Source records
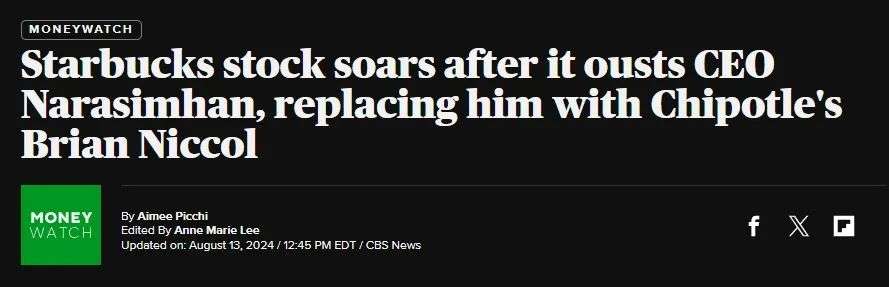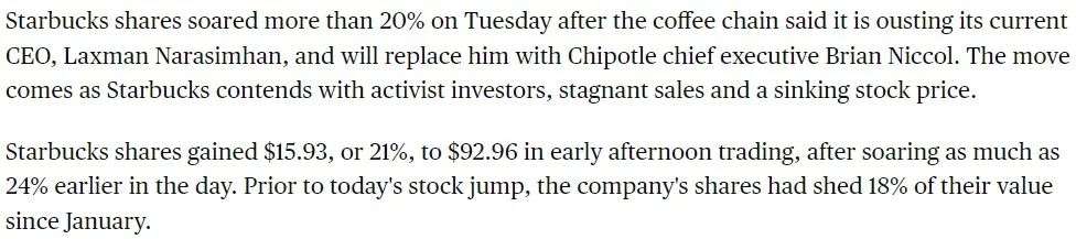 拉克斯曼的“被离职”让他不幸成为了星巴克史上最短命的CEO...更尴尬的是,在他官宣离职+新人官宣入职的同一天,星巴克的股价飙升了20%...
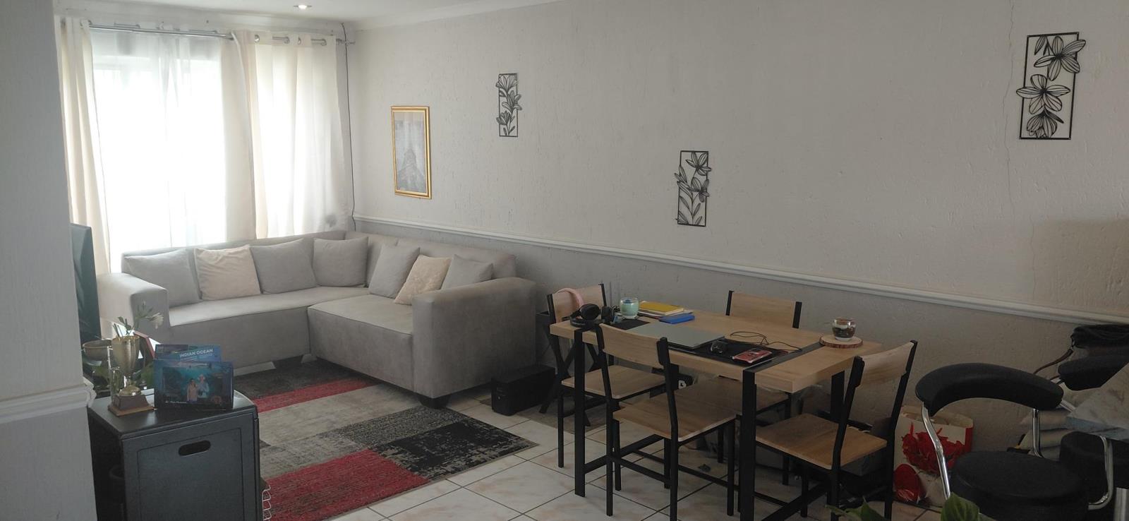 This well-maintained townhouse offers comfortable, secure living with two bedrooms, including a main en-suite, plus a separate family bathroom. The home boasts an open-plan lounge and dining area leading into a modern kitchen. Outside, youll find a small private garden, two lock-up carports and a built-in braai area, along with access to a communal pool. The complex provides excellent security. The seller has disclosed some defects repairs are for the purchasers account, and the property is sold voetstoots.
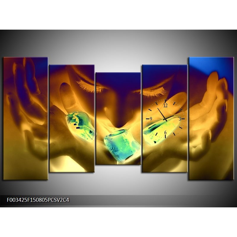 Klok schilderij Gezicht | Groen, Geel, Blauw | 150x80cm 5Luik
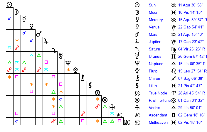 | Mercury | 15 Aquarius 59 | 5 Aquarius 54 | 2 Taurus 18 |
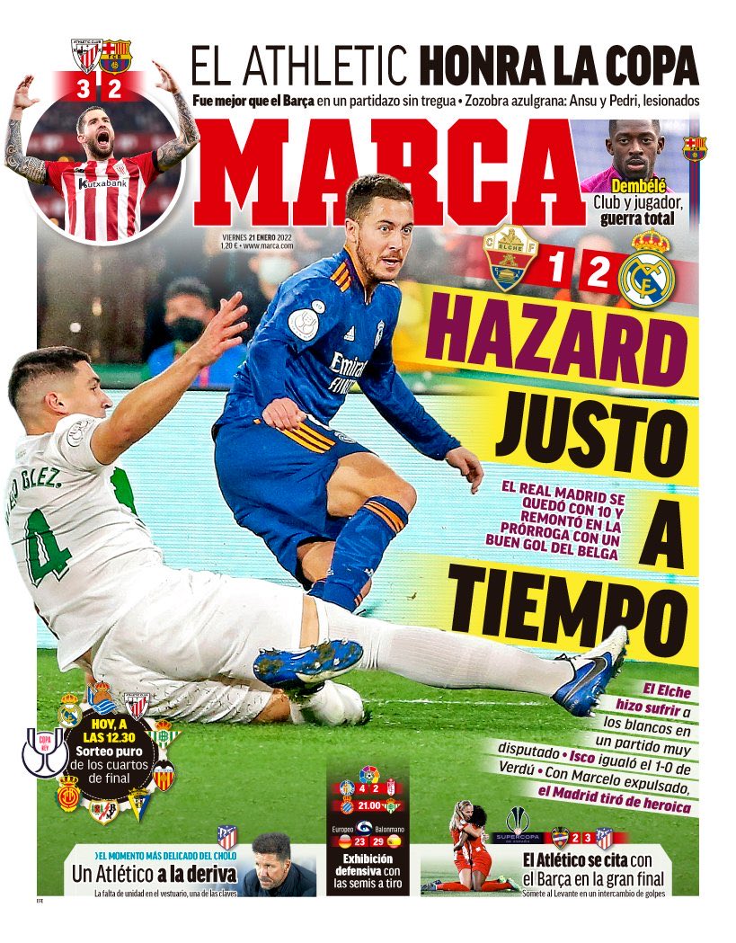 Buenos días. Paco Gento habría estado orgulloso. Se llevó a la eternidad (pero ¿no estaba ya en ella?, ¿no estamos todos en ella gracias a él?) el brillo de la Supercopa, y el mundo siguió girando tras su marcha con una victoria en la prórroga y con diez en partido copero frente al Elche. La prensa deportiva madrileña destaca a Hazard -también lo hace Jesús Bengoechea en su Man of the Match-, por cuanto hubo belleza en su resurrección inopinada, en su modo de emerger en la prórroga como si Fray Luis de León hubiera jugado en el Chelsea. Leed la crónica de Ramón Álvarez de Mon y la arbitral (ya llegaremos a esta ignominia después) de Alberto Cosín.
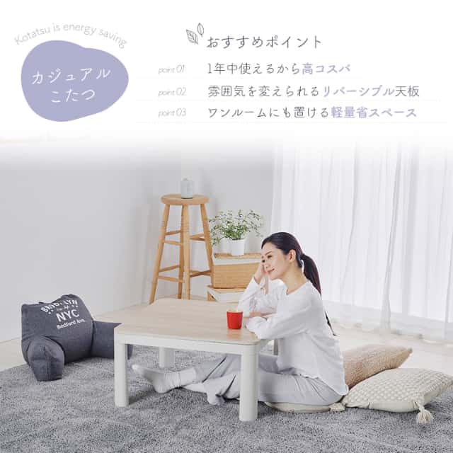 ユアサプライムス こたつテーブル NCK-700E(NIV) カジュアルこたつ 70×70cm 正方形 おしゃれなリバーシブル天板 リビングコタツ YUASA

TASK:
Please return the lines above exactly, with the pictures omitted.

ANSWER AREA:
 拉克斯曼的“被离职”让他不幸成为了星巴克史上最短命的CEO...更尴尬的是,在他官宣离职+新人官宣入职的同一天,星巴克的股价飙升了20%...
 This well-maintained townhouse offers comfortable, secure living with two bedrooms, including a main en-suite, plus a separate family bathroom. The home boasts an open-plan lounge and dining area leading into a modern kitchen. Outside, youll find a small private garden, two lock-up carports and a built-in braai area, along with access to a communal pool. The complex provides excellent security. The seller has disclosed some defects repairs are for the purchasers account, and the property is sold voetstoots.
 Klok schilderij Gezicht | Groen, Geel, Blauw | 150x80cm 5Luik
 | Mercury | 15 Aquarius 59 | 5 Aquarius 54 | 2 Taurus 18 |
 Buenos días. Paco Gento habría estado orgulloso. Se llevó a la eternidad (pero ¿no estaba ya en ella?, ¿no estamos todos en ella gracias a él?) el brillo de la Supercopa, y el mundo siguió girando tras su marcha con una victoria en la prórroga y con diez en partido copero frente al Elche. La prensa deportiva madrileña destaca a Hazard -también lo hace Jesús Bengoechea en su Man of the Match-, por cuanto hubo belleza en su resurrección inopinada, en su modo de emerger en la prórroga como si Fray Luis de León hubiera jugado en el Chelsea. Leed la crónica de Ramón Álvarez de Mon y la arbitral (ya llegaremos a esta ignominia después) de Alberto Cosín.
 ユアサプライムス こたつテーブル NCK-700E(NIV) カジュアルこたつ 70×70cm 正方形 おしゃれなリバーシブル天板 リビングコタツ YUASA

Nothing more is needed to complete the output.